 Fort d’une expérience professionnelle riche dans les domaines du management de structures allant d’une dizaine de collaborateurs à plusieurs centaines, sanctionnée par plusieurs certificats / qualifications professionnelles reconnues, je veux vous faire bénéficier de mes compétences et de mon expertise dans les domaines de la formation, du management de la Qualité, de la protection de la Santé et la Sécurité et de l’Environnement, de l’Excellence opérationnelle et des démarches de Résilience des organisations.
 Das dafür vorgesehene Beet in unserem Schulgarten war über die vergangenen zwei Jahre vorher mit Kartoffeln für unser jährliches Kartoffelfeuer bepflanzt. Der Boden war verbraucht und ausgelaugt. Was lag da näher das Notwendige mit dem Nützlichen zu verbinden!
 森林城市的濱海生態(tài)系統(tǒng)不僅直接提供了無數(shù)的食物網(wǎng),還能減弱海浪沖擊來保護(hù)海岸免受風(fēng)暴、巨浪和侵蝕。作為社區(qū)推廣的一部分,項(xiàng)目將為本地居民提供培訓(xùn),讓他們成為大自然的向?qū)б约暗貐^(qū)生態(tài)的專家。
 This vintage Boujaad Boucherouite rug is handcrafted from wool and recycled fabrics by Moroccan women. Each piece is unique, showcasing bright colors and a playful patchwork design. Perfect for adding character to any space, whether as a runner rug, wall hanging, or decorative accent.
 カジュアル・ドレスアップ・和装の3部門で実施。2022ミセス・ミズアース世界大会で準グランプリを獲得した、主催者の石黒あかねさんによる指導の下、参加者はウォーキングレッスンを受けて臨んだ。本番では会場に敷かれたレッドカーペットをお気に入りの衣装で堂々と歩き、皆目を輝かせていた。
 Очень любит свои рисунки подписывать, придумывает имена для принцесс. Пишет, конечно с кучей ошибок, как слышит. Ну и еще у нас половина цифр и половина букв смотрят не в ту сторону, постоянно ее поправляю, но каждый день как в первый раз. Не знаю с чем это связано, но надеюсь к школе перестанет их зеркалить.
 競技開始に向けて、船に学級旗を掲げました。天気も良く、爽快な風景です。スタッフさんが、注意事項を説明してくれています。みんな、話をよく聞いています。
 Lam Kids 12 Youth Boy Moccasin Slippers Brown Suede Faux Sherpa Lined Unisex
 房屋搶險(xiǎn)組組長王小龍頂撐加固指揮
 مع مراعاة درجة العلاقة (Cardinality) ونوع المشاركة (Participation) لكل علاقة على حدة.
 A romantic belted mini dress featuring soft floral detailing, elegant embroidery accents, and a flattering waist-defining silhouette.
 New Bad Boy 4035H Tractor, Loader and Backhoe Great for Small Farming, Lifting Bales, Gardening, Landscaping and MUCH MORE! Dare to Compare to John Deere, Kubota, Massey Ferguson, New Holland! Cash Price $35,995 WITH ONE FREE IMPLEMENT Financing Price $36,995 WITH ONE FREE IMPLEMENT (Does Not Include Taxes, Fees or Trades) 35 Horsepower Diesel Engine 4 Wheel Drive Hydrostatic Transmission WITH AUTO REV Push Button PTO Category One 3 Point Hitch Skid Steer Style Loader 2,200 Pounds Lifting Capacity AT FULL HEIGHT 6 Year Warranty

§ Task details: Copy the data above in full, character for character.

§ Problem solution:
 Fort d’une expérience professionnelle riche dans les domaines du management de structures allant d’une dizaine de collaborateurs à plusieurs centaines, sanctionnée par plusieurs certificats / qualifications professionnelles reconnues, je veux vous faire bénéficier de mes compétences et de mon expertise dans les domaines de la formation, du management de la Qualité, de la protection de la Santé et la Sécurité et de l’Environnement, de l’Excellence opérationnelle et des démarches de Résilience des organisations.
 Das dafür vorgesehene Beet in unserem Schulgarten war über die vergangenen zwei Jahre vorher mit Kartoffeln für unser jährliches Kartoffelfeuer bepflanzt. Der Boden war verbraucht und ausgelaugt. Was lag da näher das Notwendige mit dem Nützlichen zu verbinden!
 森林城市的濱海生態(tài)系統(tǒng)不僅直接提供了無數(shù)的食物網(wǎng),還能減弱海浪沖擊來保護(hù)海岸免受風(fēng)暴、巨浪和侵蝕。作為社區(qū)推廣的一部分,項(xiàng)目將為本地居民提供培訓(xùn),讓他們成為大自然的向?qū)б约暗貐^(qū)生態(tài)的專家。
 This vintage Boujaad Boucherouite rug is handcrafted from wool and recycled fabrics by Moroccan women. Each piece is unique, showcasing bright colors and a playful patchwork design. Perfect for adding character to any space, whether as a runner rug, wall hanging, or decorative accent.
 カジュアル・ドレスアップ・和装の3部門で実施。2022ミセス・ミズアース世界大会で準グランプリを獲得した、主催者の石黒あかねさんによる指導の下、参加者はウォーキングレッスンを受けて臨んだ。本番では会場に敷かれたレッドカーペットをお気に入りの衣装で堂々と歩き、皆目を輝かせていた。
 Очень любит свои рисунки подписывать, придумывает имена для принцесс. Пишет, конечно с кучей ошибок, как слышит. Ну и еще у нас половина цифр и половина букв смотрят не в ту сторону, постоянно ее поправляю, но каждый день как в первый раз. Не знаю с чем это связано, но надеюсь к школе перестанет их зеркалить.
 競技開始に向けて、船に学級旗を掲げました。天気も良く、爽快な風景です。スタッフさんが、注意事項を説明してくれています。みんな、話をよく聞いています。
 Lam Kids 12 Youth Boy Moccasin Slippers Brown Suede Faux Sherpa Lined Unisex
 房屋搶險(xiǎn)組組長王小龍頂撐加固指揮
 مع مراعاة درجة العلاقة (Cardinality) ونوع المشاركة (Participation) لكل علاقة على حدة.
 A romantic belted mini dress featuring soft floral detailing, elegant embroidery accents, and a flattering waist-defining silhouette.
 New Bad Boy 4035H Tractor, Loader and Backhoe Great for Small Farming, Lifting Bales, Gardening, Landscaping and MUCH MORE! Dare to Compare to John Deere, Kubota, Massey Ferguson, New Holland! Cash Price $35,995 WITH ONE FREE IMPLEMENT Financing Price $36,995 WITH ONE FREE IMPLEMENT (Does Not Include Taxes, Fees or Trades) 35 Horsepower Diesel Engine 4 Wheel Drive Hydrostatic Transmission WITH AUTO REV Push Button PTO Category One 3 Point Hitch Skid Steer Style Loader 2,200 Pounds Lifting Capacity AT FULL HEIGHT 6 Year Warranty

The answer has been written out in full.